» **Problem details**
Output the lines of the records below exactly, beginning at their first line and ending at the line with "В 3.00—3.40 30"; include no pictures.

» **Records**

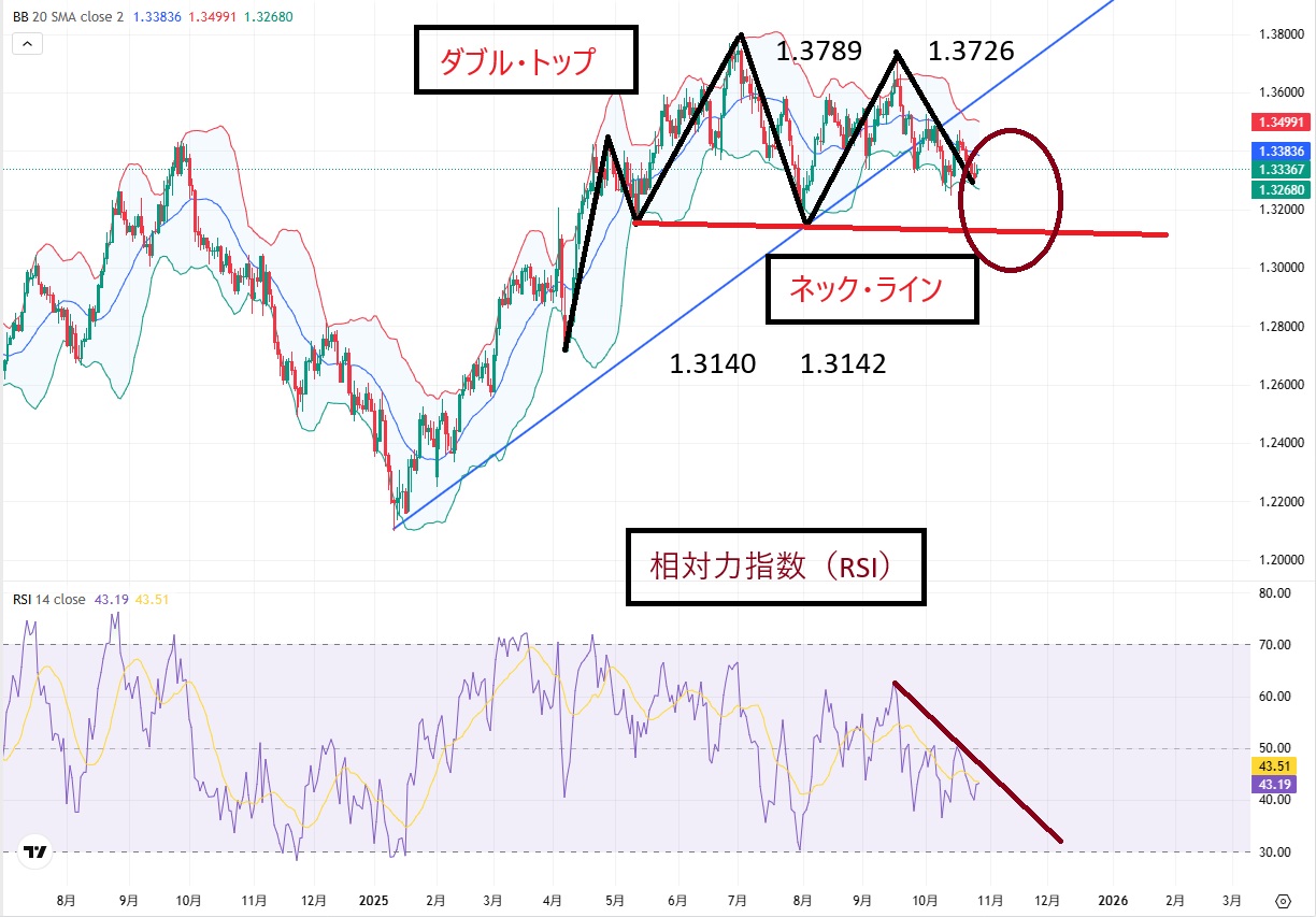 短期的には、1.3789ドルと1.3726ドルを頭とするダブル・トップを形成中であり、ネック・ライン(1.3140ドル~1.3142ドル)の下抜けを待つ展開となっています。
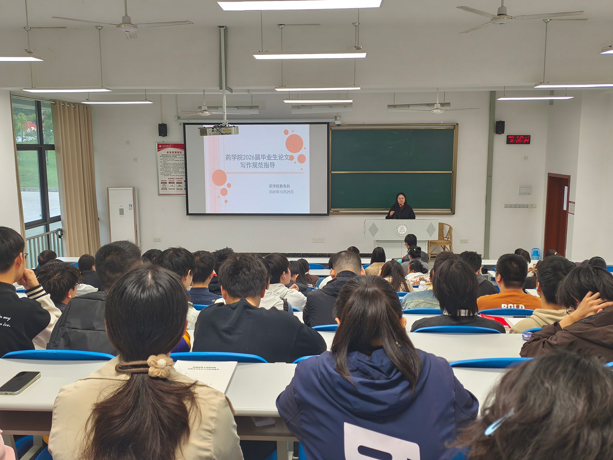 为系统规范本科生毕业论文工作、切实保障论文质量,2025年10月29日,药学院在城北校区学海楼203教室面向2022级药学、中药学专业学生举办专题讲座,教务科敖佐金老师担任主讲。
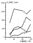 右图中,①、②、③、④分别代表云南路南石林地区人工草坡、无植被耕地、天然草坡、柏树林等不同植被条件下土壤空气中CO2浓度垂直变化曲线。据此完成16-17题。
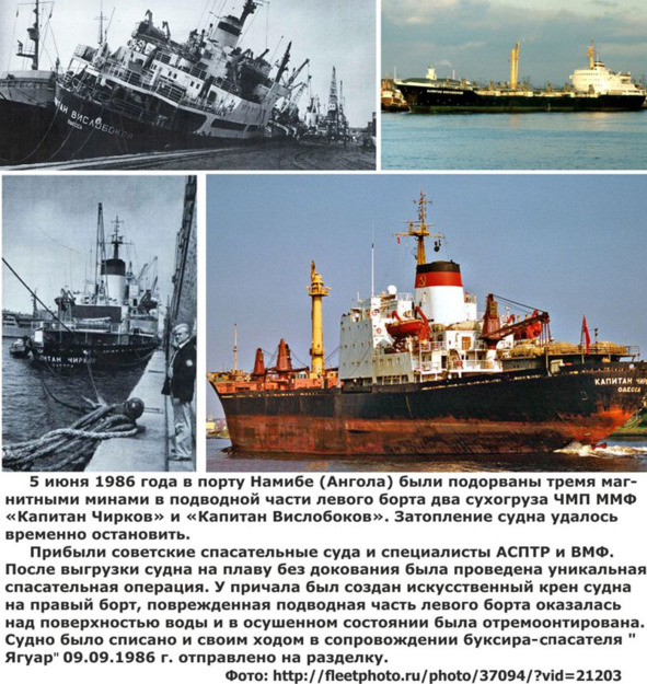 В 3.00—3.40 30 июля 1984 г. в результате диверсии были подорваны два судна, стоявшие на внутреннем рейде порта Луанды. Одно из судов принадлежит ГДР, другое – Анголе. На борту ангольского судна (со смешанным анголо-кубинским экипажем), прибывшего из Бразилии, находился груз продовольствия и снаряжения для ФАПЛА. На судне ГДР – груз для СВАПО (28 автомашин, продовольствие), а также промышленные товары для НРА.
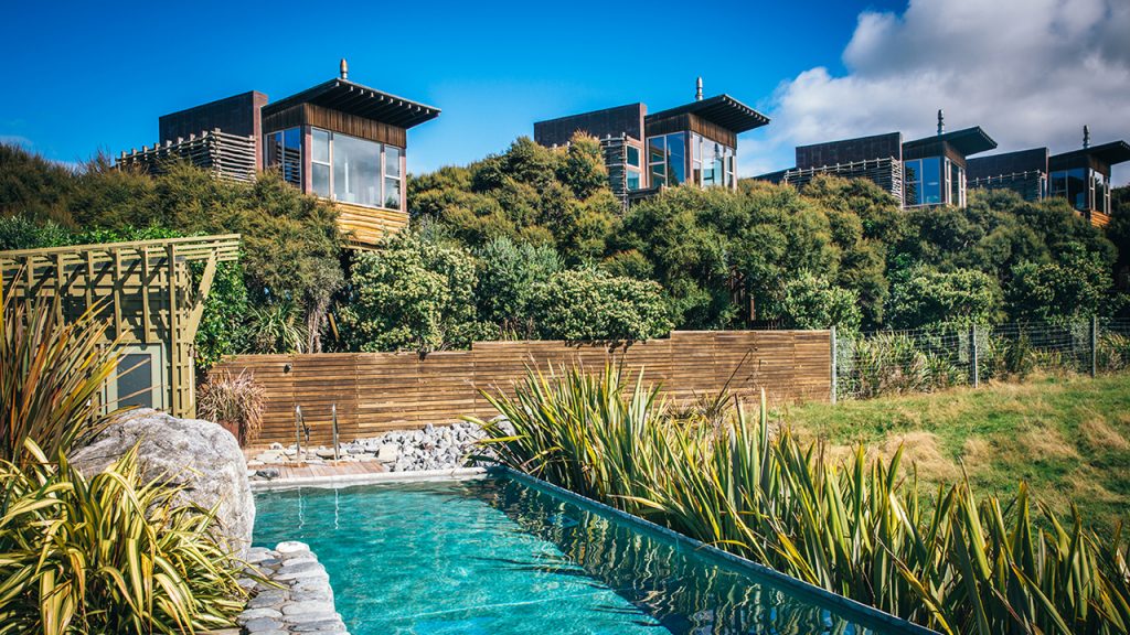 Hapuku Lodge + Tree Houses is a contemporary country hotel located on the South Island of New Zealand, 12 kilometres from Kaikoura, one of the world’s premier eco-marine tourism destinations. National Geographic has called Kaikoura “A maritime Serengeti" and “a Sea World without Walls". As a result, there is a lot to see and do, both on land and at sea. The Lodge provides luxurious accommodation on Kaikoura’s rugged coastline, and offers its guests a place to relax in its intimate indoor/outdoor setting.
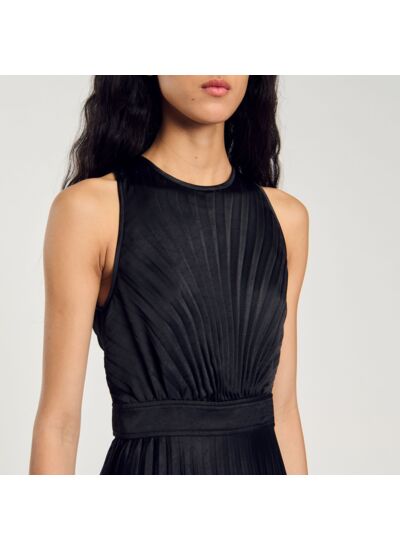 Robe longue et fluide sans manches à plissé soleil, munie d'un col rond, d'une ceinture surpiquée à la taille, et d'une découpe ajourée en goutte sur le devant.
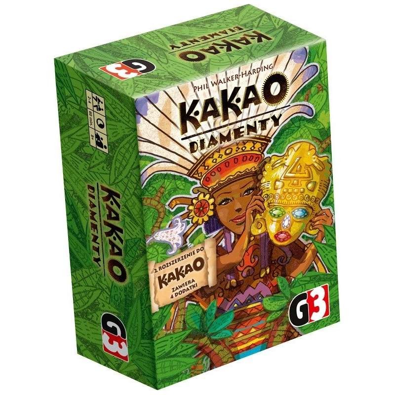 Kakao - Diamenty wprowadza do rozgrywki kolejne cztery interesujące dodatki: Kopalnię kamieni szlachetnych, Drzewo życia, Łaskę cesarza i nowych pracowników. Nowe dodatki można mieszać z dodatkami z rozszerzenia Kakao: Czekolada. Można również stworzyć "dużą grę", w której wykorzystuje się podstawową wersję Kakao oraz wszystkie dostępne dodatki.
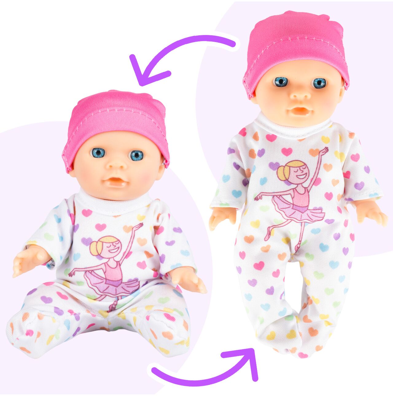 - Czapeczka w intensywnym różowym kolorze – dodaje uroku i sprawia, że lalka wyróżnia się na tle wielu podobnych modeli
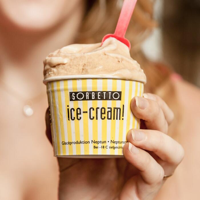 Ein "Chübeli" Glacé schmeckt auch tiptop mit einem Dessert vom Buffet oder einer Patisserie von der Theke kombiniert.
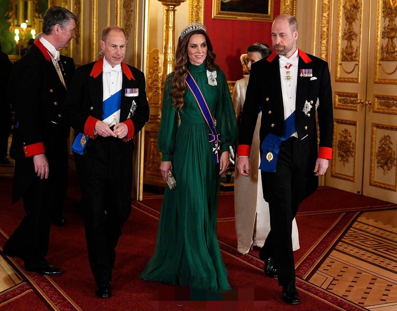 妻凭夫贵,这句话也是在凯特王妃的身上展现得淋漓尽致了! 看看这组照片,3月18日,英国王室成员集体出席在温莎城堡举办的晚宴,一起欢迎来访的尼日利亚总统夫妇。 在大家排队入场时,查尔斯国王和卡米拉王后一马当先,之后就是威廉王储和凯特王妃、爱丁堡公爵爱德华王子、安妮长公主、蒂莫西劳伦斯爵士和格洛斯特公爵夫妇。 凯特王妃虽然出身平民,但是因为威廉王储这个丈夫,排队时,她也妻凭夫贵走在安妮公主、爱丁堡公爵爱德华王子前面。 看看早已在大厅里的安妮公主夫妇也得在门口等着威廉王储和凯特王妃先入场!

» **Exercise solution**
 短期的には、1.3789ドルと1.3726ドルを頭とするダブル・トップを形成中であり、ネック・ライン(1.3140ドル~1.3142ドル)の下抜けを待つ展開となっています。
 为系统规范本科生毕业论文工作、切实保障论文质量,2025年10月29日,药学院在城北校区学海楼203教室面向2022级药学、中药学专业学生举办专题讲座,教务科敖佐金老师担任主讲。
 右图中,①、②、③、④分别代表云南路南石林地区人工草坡、无植被耕地、天然草坡、柏树林等不同植被条件下土壤空气中CO2浓度垂直变化曲线。据此完成16-17题。
 В 3.00—3.40 30 июля 1984 г. в результате диверсии были подорваны два судна, стоявшие на внутреннем рейде порта Луанды. Одно из судов принадлежит ГДР, другое – Анголе. На борту ангольского судна (со смешанным анголо-кубинским экипажем), прибывшего из Бразилии, находился груз продовольствия и снаряжения для ФАПЛА. На судне ГДР – груз для СВАПО (28 автомашин, продовольствие), а также промышленные товары для НРА.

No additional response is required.